### Task to carry out
Find "SCHÉMA DE PRINCIPE DE LA TECHNOLOGIE" below and begin at its line; stop after the line with "A cidade de Alcinópolis possui". Output those lines exactly, without pictures.

(Source records)
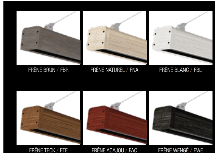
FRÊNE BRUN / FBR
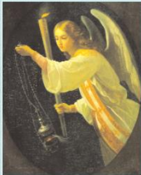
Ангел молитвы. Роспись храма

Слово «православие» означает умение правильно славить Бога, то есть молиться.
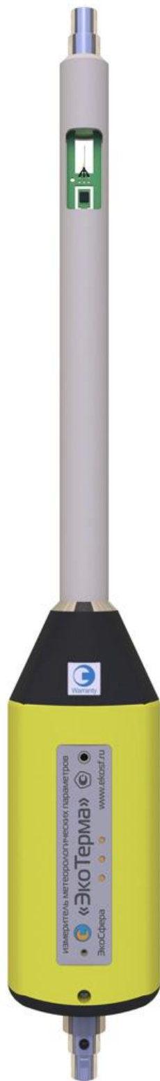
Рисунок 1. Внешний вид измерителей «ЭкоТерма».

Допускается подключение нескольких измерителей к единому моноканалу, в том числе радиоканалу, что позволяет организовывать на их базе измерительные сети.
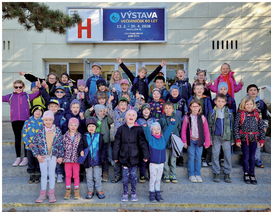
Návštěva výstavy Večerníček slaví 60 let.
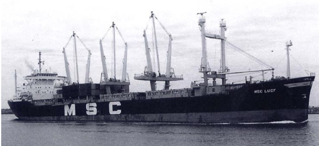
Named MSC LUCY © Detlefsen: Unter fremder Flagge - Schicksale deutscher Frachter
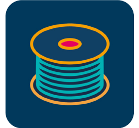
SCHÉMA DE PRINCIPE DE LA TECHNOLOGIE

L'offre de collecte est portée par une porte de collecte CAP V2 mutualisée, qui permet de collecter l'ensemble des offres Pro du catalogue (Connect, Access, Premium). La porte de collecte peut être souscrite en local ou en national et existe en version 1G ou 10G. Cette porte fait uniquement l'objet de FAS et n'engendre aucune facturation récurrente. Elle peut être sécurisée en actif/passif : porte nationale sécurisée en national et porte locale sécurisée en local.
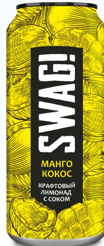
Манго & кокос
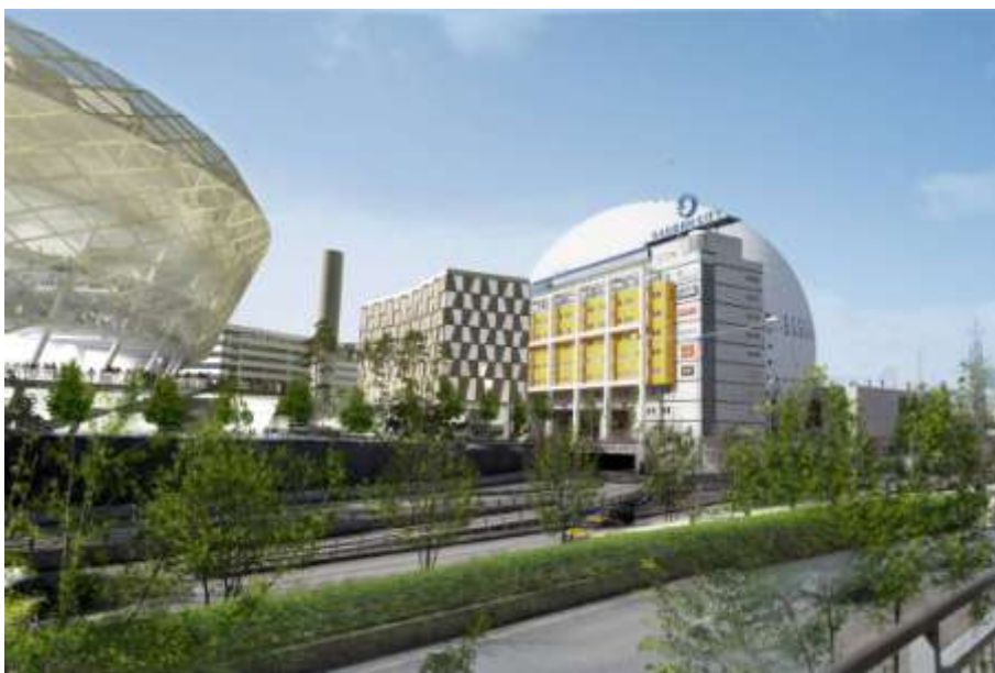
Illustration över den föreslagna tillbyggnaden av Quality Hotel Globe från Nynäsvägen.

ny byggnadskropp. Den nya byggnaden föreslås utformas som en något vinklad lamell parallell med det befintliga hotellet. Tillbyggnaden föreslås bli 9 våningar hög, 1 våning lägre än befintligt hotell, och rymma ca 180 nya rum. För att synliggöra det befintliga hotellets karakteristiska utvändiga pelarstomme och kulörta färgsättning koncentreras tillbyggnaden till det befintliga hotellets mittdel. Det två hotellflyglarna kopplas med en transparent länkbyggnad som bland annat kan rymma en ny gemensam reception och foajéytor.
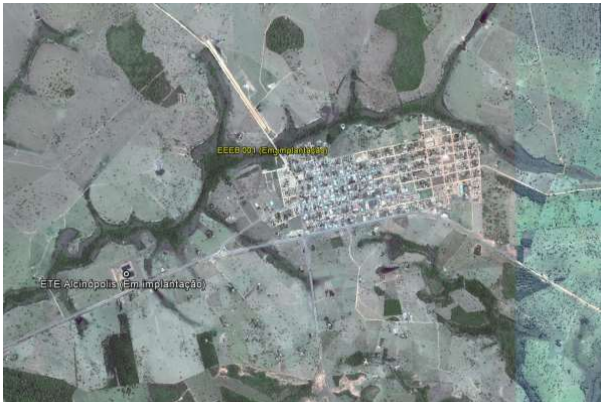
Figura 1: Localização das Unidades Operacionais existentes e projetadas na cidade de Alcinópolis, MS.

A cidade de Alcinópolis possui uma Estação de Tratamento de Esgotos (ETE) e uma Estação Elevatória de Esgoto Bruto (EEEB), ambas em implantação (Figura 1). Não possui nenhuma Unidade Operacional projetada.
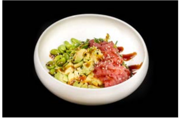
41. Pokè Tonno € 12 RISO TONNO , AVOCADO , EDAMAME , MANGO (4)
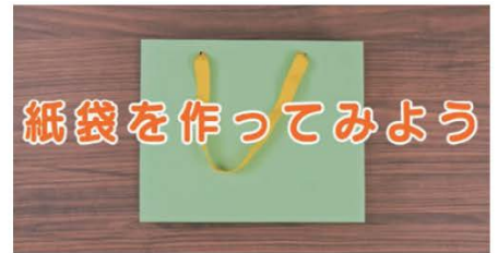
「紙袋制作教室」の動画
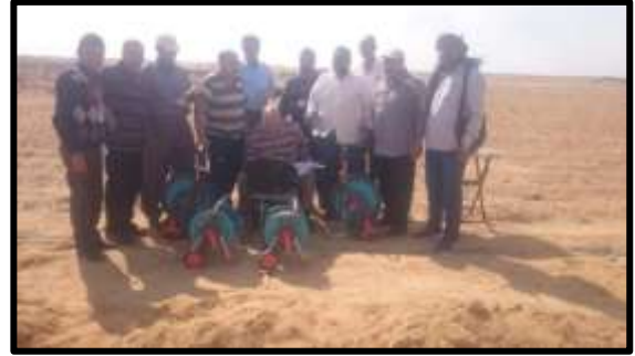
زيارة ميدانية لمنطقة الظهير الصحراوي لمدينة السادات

### Written response
SCHÉMA DE PRINCIPE DE LA TECHNOLOGIE

L'offre de collecte est portée par une porte de collecte CAP V2 mutualisée, qui permet de collecter l'ensemble des offres Pro du catalogue (Connect, Access, Premium). La porte de collecte peut être souscrite en local ou en national et existe en version 1G ou 10G. Cette porte fait uniquement l'objet de FAS et n'engendre aucune facturation récurrente. Elle peut être sécurisée en actif/passif : porte nationale sécurisée en national et porte locale sécurisée en local.
Манго & кокос
Illustration över den föreslagna tillbyggnaden av Quality Hotel Globe från Nynäsvägen.

ny byggnadskropp. Den nya byggnaden föreslås utformas som en något vinklad lamell parallell med det befintliga hotellet. Tillbyggnaden föreslås bli 9 våningar hög, 1 våning lägre än befintligt hotell, och rymma ca 180 nya rum. För att synliggöra det befintliga hotellets karakteristiska utvändiga pelarstomme och kulörta färgsättning koncentreras tillbyggnaden till det befintliga hotellets mittdel. Det två hotellflyglarna kopplas med en transparent länkbyggnad som bland annat kan rymma en ny gemensam reception och foajéytor.
Figura 1: Localização das Unidades Operacionais existentes e projetadas na cidade de Alcinópolis, MS.

A cidade de Alcinópolis possui uma Estação de Tratamento de Esgotos (ETE) e uma Estação Elevatória de Esgoto Bruto (EEEB), ambas em implantação (Figura 1). Não possui nenhuma Unidade Operacional projetada.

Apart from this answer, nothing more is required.